The improvements in remote sensing data and techniques, and the effort to install and monitor long-term ecological sites are necessary to answer local and regional questions. Integrative analyses are still very restricted, and probably are the next challenge to improve our knowledge of Amazonian.
Multi-collaborative projects in Amazonia have a successful history on acquiring, documenting, publishing and sharing ecological data. Examples of these programs include the Biological Dynamics of Forest Fragments Project (BDFFP), Center for Tropical Forest Science (CTFS), Tropical Ecology Assessment and Monitoring Initiative (TEAM), the Amazon Forest Inventory Network (RAINFOR), among others. However, due to the unlikely possibility of setting a randomly distributed network of field plots covering the Amazonian landscapes, remote sensing data can play a key role.

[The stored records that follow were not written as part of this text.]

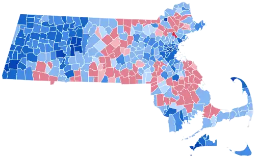 To date, this is the last time that the cities of Agawam and Palmer, and the towns of Acushnet, Blackstone, Chester, Freetown, Huntington, Leicester, Ludlow, Monroe, Monson, New Braintree, Russell, Swansea, Templeton, Wales, Ware, and Winchendon voted Democratic, and the last time the city of North Attleborough and the towns of Boxford, Boylston, Cohasset, Dover, Dunstable, Duxbury, Easton, Foxborough, Georgetown, Hamilton, Hingham, Holden, Hopkinton, Lancaster, Lunenburg, Marshfield, Medfield, Norfolk, North Andover, North Reading, Norwell, Paxton, Princeton, Sandwich, Scituate, Sturbridge, Topsfield, Upton, Walpole, Wenham, West Boylston, Westwood, Wilmington, and Wrentham voted Republican. This is also the most recent election which the towns of Kingston, Lynnfield, Northbridge, Pembroke, Raynham, Rutland, Sutton, Tewksbury, Townsend, Uxbridge, Westminster, and Whitman would vote for the national losing candidate.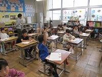 いよいよ、1年生にとって、一番難しいと言われている「繰り下がり計算」に入りました。担任も、デジタル教材や半具体物を使って、児童が理解しやすい工夫をしていました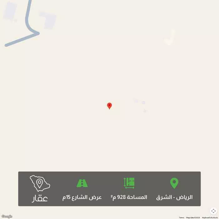 928 م² أرض في الشرق، الرياض معروضة بسعر ٥١٠٬٤٠٠ ريال، أقل بنسبة 15% من متوسط سعر الحي البالغ ٥٩٨٬٩٥٠ ريال. بناءً على 650 عقار مشابه.

For example, one step that could be adopted by scientist is the landscape evaluation of the area where they intend to set a new plot/site. Landsat data has proven to be adequate for detecting different forest physiognomies in dense Amazonian forests [45,150,151], and it has been released free of charge by the National Institute for Space Research (INPE).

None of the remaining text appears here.